# Does the EMF induced in an inductor due to mutual inductance equal the total EMF?

For an inductor in a circuit without a power source, does the induced emf found by using the mutual inductance value include self inductance, or is the self induced emf considered separately?

From Faraday's law I know that the induced emf is found by considering the total flux, and that this is equal to the self induced emf for the case where the inductor is connected to an external power source. For the emf induced by mutual inductance, the flux through the inductor is considered to be the flux due to the external inductor, but not the total flux, which leads me to think that there should be an added term in order to calculate the total induced emf. However, I do realize this could lead to doubly counting the flux produced by the self induced emf since this flux also affects the current in the inductor producing the external flux, which is already included in the calculation. But wouldn't this violate Faraday's law?

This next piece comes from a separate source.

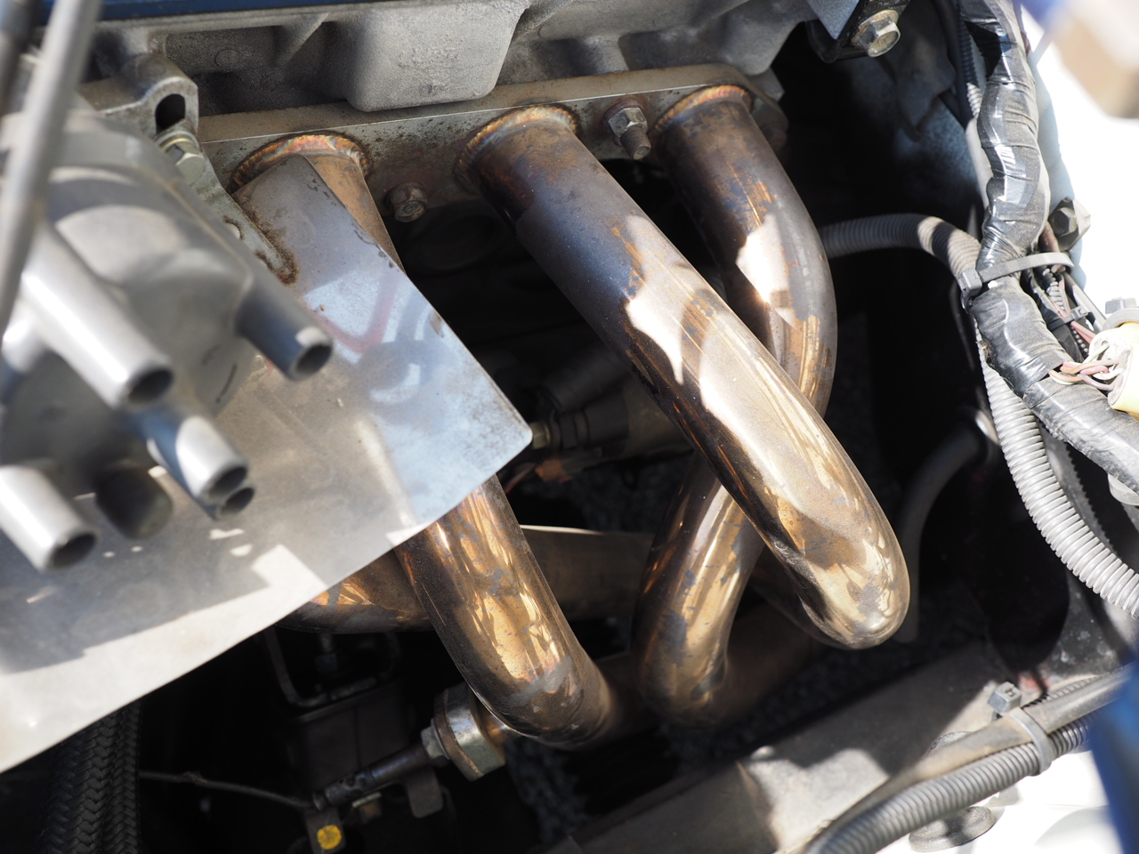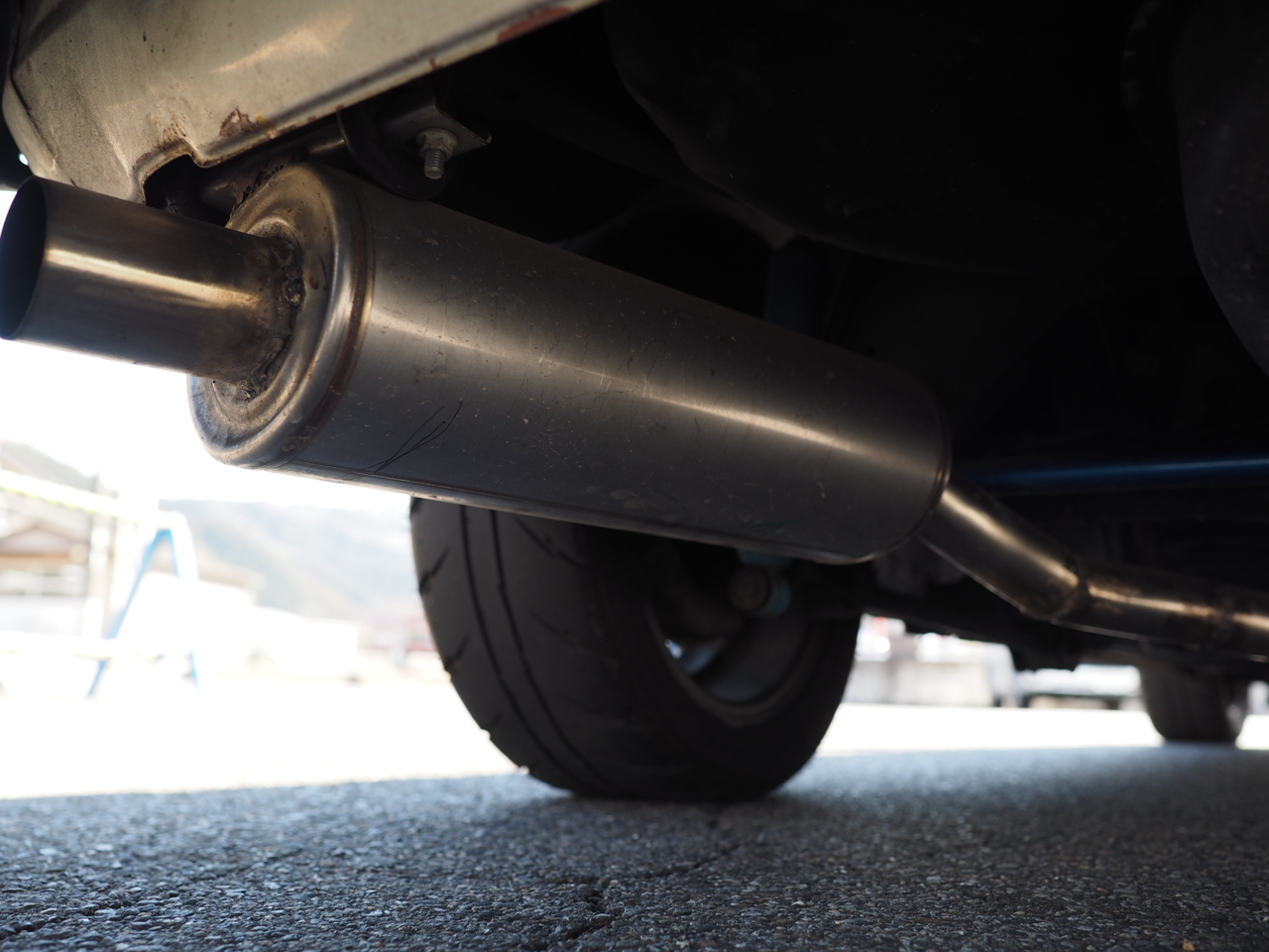 排気は有機的な姿で観る者を魅了する、実測等長エキマニから、これもメカニック自作というワンオフ・マフラーへと効率よく抜け、サードスポーツ製触媒を介しながらも、インナー・サイレンサー無しで車検適合という潔さを誇るもの・・・。

(a) The total emf in one coil (2) is $$\mathscr E_2 = -\frac{d\phi_\text{linked with 2}}{dt}=-L_2\frac{dI_2}{dt}-M\frac{dI_1}{dt}.$$ We can, if we wish, regard this as the sum of two emfs.
(b) You are quite right that the changing current induced in 2 produces changing flux some of which is linked with coil 1 and affects the current in it, which in turn affects the emf in coil 2, according to the equation above. But this is not double-counting: we simply have to accept that $$I_1$$ and $$I_2$$ are not independent of each other.
• I think that your difficulty lies with the concept of a self-induced emf. We define the coil's self inductance, $L$, by $$\mathscr E =-L\frac{dI}{dt}$$ in which $\mathscr E$ is the induced emf in the coil when the coil is not near any other current-carrying coil. We can then use the same equation even if the coil is near another current-carrying coil. This other coil will no doubt influence $I$ in the original coil, but nonetheless, $\mathscr E$ given by the equation $\mathscr E =-L\frac{dI}{dt}$ is the self-induced emf. To get the total emf we need to add $-M\frac{dI_1}{dt}$. Commented Aug 30, 2022 at 9:10
• $L$ is a constant for the coil (I'm neglecting non-linear effects due to a possible ferromagnetic core). $L$ is, by definition, not influenced by the proximity of another current-carrying coil. Commented Aug 30, 2022 at 9:26
No, the emf is in general due to the self inductance and the mutual inductance. $$e_{1}=-L \frac{di_{1}}{dt} -M\frac{di_{2}}{dt}$$